THE DATA: Begin

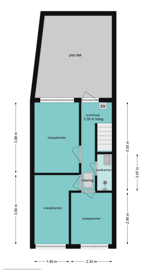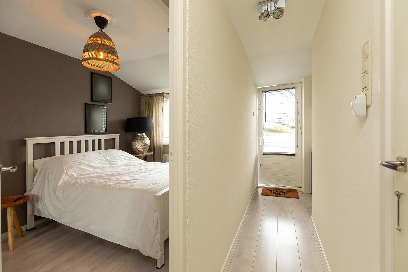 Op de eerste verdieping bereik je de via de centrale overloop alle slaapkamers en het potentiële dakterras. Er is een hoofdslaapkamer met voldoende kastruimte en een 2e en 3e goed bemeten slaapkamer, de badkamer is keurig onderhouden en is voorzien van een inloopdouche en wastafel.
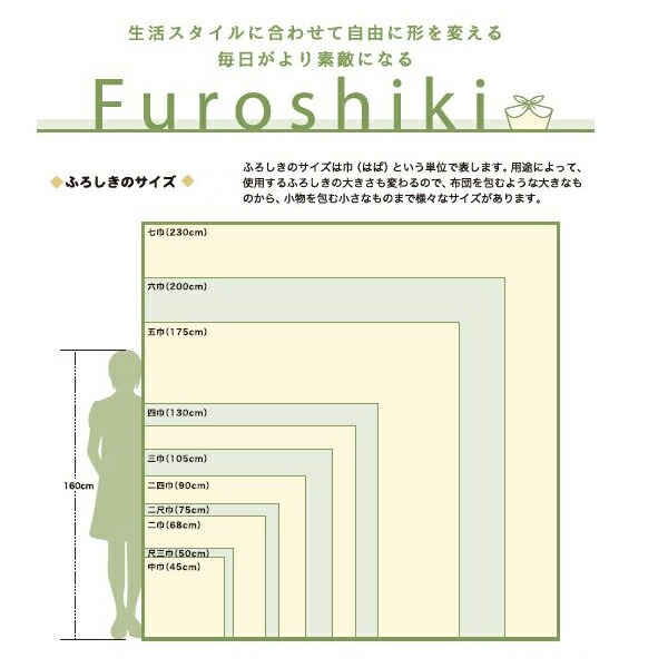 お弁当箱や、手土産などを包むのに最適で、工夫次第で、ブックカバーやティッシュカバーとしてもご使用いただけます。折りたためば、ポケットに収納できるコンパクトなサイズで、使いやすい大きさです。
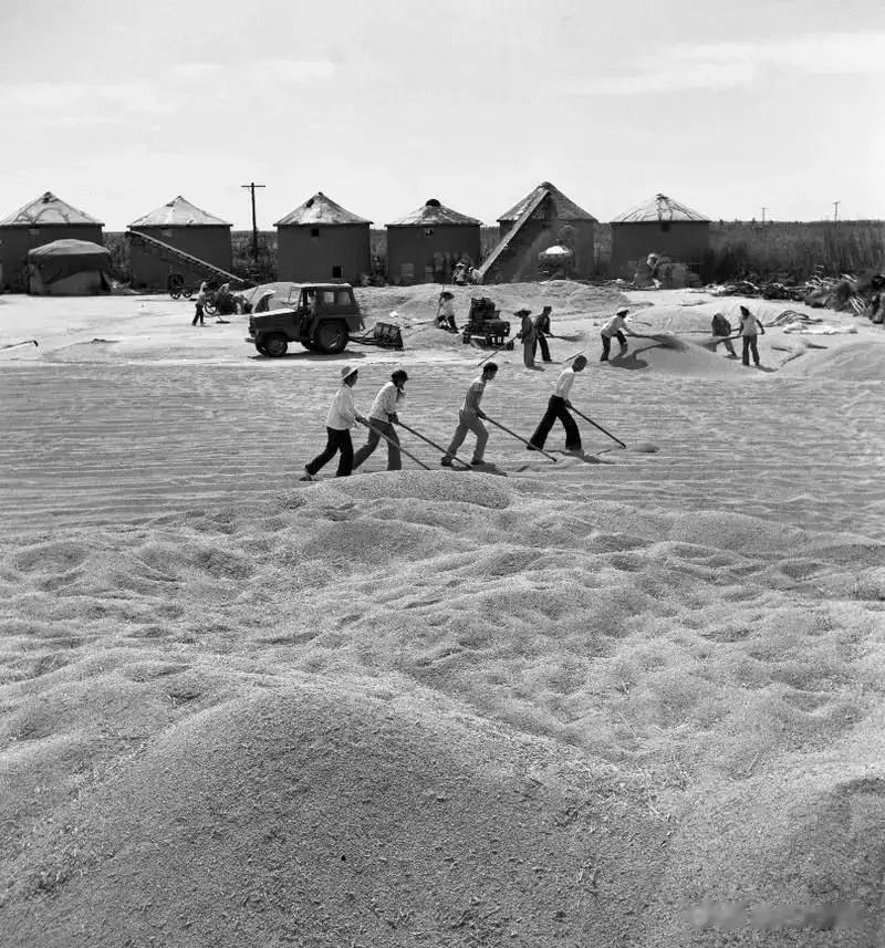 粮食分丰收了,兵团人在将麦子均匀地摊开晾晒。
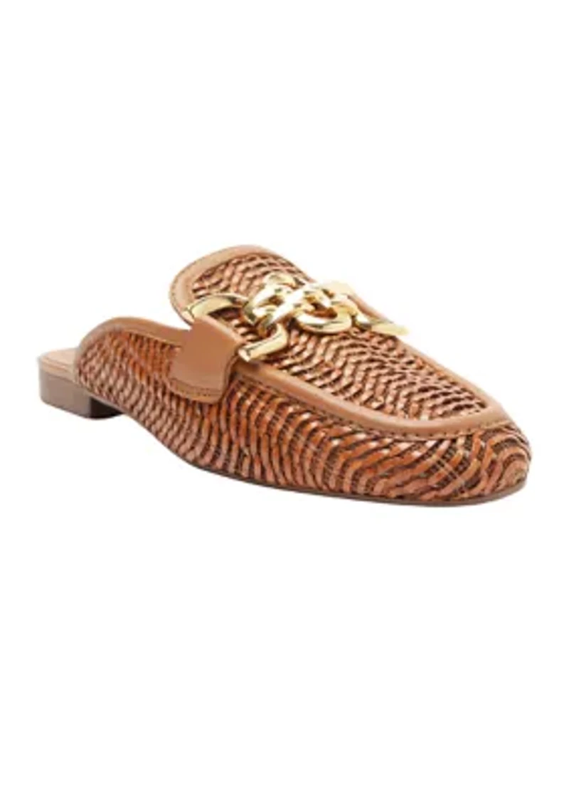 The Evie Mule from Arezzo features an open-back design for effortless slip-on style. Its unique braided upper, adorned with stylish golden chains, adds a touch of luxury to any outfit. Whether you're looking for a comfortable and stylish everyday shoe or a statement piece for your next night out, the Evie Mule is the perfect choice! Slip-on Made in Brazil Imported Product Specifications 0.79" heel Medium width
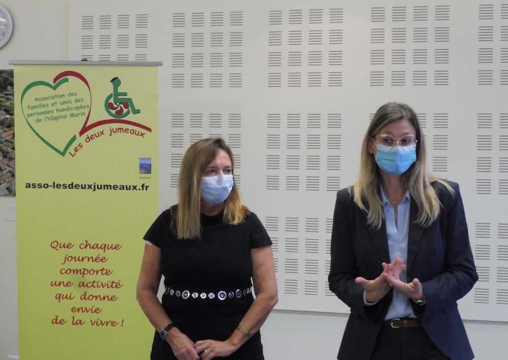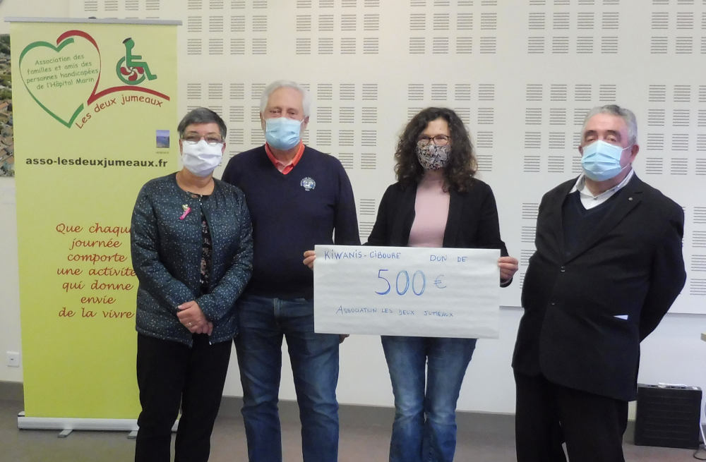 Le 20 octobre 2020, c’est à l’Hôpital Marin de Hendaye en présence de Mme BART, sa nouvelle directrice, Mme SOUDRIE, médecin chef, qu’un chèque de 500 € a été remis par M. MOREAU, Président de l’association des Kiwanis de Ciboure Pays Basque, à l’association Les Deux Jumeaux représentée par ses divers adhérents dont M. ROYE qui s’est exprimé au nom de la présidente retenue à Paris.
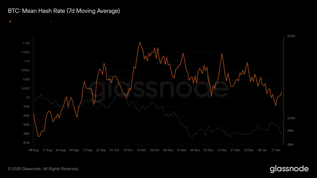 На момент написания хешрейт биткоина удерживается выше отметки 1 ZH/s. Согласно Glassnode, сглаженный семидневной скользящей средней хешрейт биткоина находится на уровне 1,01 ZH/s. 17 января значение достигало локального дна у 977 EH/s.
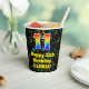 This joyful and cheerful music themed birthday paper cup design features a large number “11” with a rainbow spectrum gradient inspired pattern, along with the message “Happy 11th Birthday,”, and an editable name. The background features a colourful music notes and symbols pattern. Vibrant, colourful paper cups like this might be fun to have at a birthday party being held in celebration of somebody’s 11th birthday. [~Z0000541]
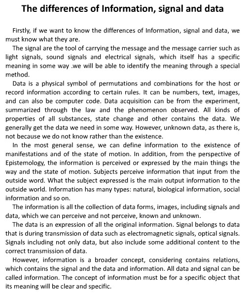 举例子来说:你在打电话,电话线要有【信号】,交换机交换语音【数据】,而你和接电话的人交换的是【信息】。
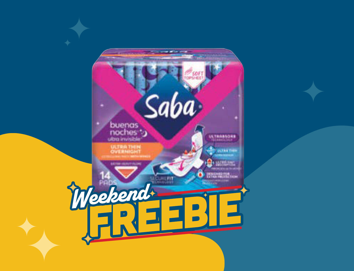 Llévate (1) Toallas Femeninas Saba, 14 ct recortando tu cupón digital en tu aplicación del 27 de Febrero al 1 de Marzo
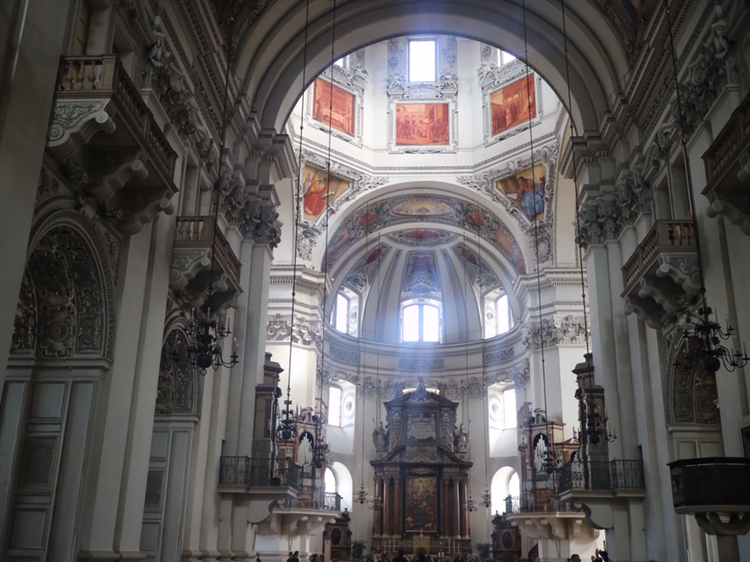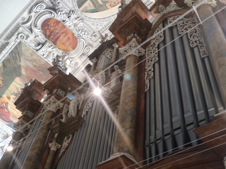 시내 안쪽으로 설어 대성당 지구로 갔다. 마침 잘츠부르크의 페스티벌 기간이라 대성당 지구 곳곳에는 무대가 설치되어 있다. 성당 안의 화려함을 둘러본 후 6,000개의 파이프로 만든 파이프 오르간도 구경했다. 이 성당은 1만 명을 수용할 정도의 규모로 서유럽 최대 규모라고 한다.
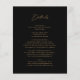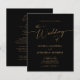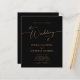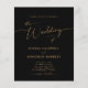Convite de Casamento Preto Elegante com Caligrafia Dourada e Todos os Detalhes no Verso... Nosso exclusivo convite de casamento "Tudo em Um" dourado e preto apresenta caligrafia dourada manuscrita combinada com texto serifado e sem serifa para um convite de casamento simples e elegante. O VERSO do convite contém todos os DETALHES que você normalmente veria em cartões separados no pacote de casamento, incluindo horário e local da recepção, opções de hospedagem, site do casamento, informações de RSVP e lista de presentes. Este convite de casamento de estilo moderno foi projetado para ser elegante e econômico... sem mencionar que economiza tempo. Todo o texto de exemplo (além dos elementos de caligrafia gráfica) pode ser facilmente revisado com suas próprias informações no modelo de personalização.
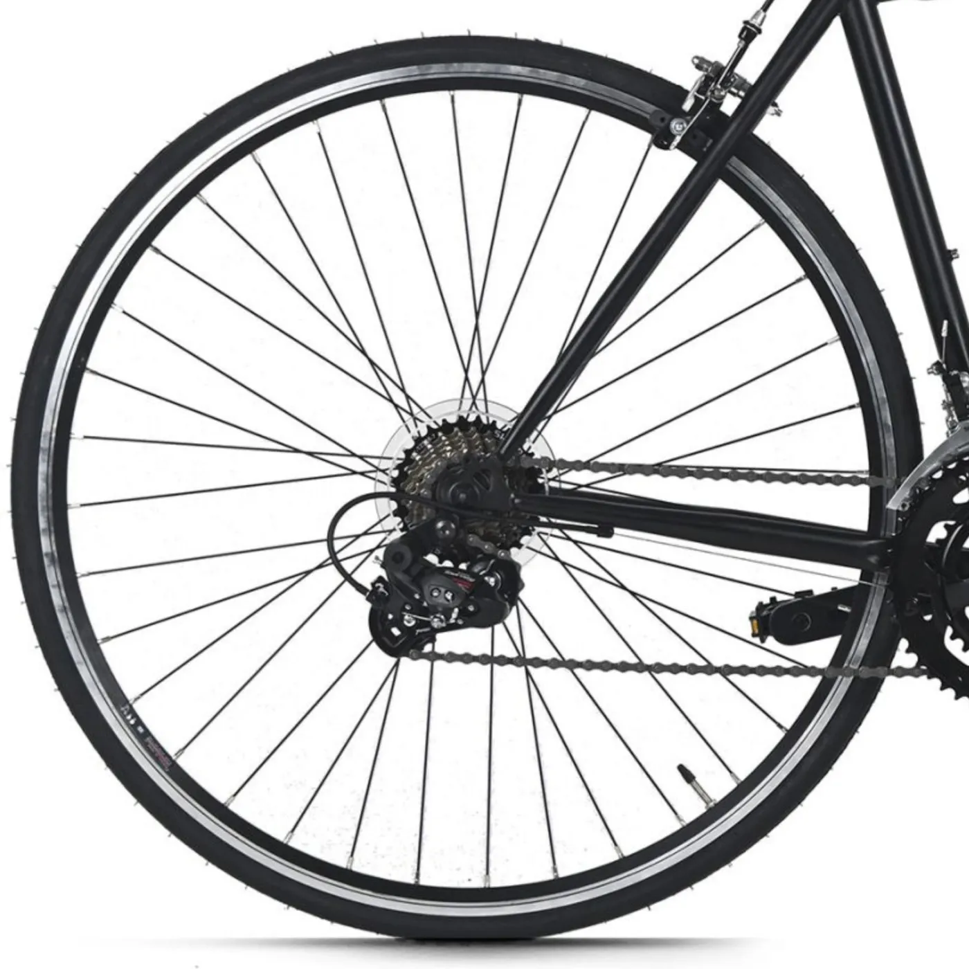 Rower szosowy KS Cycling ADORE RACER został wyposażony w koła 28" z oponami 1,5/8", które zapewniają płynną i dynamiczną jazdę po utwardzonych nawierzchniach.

THE DATA: End

- WHAT YOU NEED TO DO -
Could you copy every record exactly, without the pictures?

- RESULT -
 Op de eerste verdieping bereik je de via de centrale overloop alle slaapkamers en het potentiële dakterras. Er is een hoofdslaapkamer met voldoende kastruimte en een 2e en 3e goed bemeten slaapkamer, de badkamer is keurig onderhouden en is voorzien van een inloopdouche en wastafel.
 お弁当箱や、手土産などを包むのに最適で、工夫次第で、ブックカバーやティッシュカバーとしてもご使用いただけます。折りたためば、ポケットに収納できるコンパクトなサイズで、使いやすい大きさです。
 粮食分丰收了,兵团人在将麦子均匀地摊开晾晒。
 The Evie Mule from Arezzo features an open-back design for effortless slip-on style. Its unique braided upper, adorned with stylish golden chains, adds a touch of luxury to any outfit. Whether you're looking for a comfortable and stylish everyday shoe or a statement piece for your next night out, the Evie Mule is the perfect choice! Slip-on Made in Brazil Imported Product Specifications 0.79" heel Medium width
 Le 20 octobre 2020, c’est à l’Hôpital Marin de Hendaye en présence de Mme BART, sa nouvelle directrice, Mme SOUDRIE, médecin chef, qu’un chèque de 500 € a été remis par M. MOREAU, Président de l’association des Kiwanis de Ciboure Pays Basque, à l’association Les Deux Jumeaux représentée par ses divers adhérents dont M. ROYE qui s’est exprimé au nom de la présidente retenue à Paris.
 На момент написания хешрейт биткоина удерживается выше отметки 1 ZH/s. Согласно Glassnode, сглаженный семидневной скользящей средней хешрейт биткоина находится на уровне 1,01 ZH/s. 17 января значение достигало локального дна у 977 EH/s.
 This joyful and cheerful music themed birthday paper cup design features a large number “11” with a rainbow spectrum gradient inspired pattern, along with the message “Happy 11th Birthday,”, and an editable name. The background features a colourful music notes and symbols pattern. Vibrant, colourful paper cups like this might be fun to have at a birthday party being held in celebration of somebody’s 11th birthday. [~Z0000541]
 举例子来说:你在打电话,电话线要有【信号】,交换机交换语音【数据】,而你和接电话的人交换的是【信息】。
 Llévate (1) Toallas Femeninas Saba, 14 ct recortando tu cupón digital en tu aplicación del 27 de Febrero al 1 de Marzo
 시내 안쪽으로 설어 대성당 지구로 갔다. 마침 잘츠부르크의 페스티벌 기간이라 대성당 지구 곳곳에는 무대가 설치되어 있다. 성당 안의 화려함을 둘러본 후 6,000개의 파이프로 만든 파이프 오르간도 구경했다. 이 성당은 1만 명을 수용할 정도의 규모로 서유럽 최대 규모라고 한다.
Convite de Casamento Preto Elegante com Caligrafia Dourada e Todos os Detalhes no Verso... Nosso exclusivo convite de casamento "Tudo em Um" dourado e preto apresenta caligrafia dourada manuscrita combinada com texto serifado e sem serifa para um convite de casamento simples e elegante. O VERSO do convite contém todos os DETALHES que você normalmente veria em cartões separados no pacote de casamento, incluindo horário e local da recepção, opções de hospedagem, site do casamento, informações de RSVP e lista de presentes. Este convite de casamento de estilo moderno foi projetado para ser elegante e econômico... sem mencionar que economiza tempo. Todo o texto de exemplo (além dos elementos de caligrafia gráfica) pode ser facilmente revisado com suas próprias informações no modelo de personalização.
 Rower szosowy KS Cycling ADORE RACER został wyposażony w koła 28" z oponami 1,5/8", które zapewniają płynną i dynamiczną jazdę po utwardzonych nawierzchniach.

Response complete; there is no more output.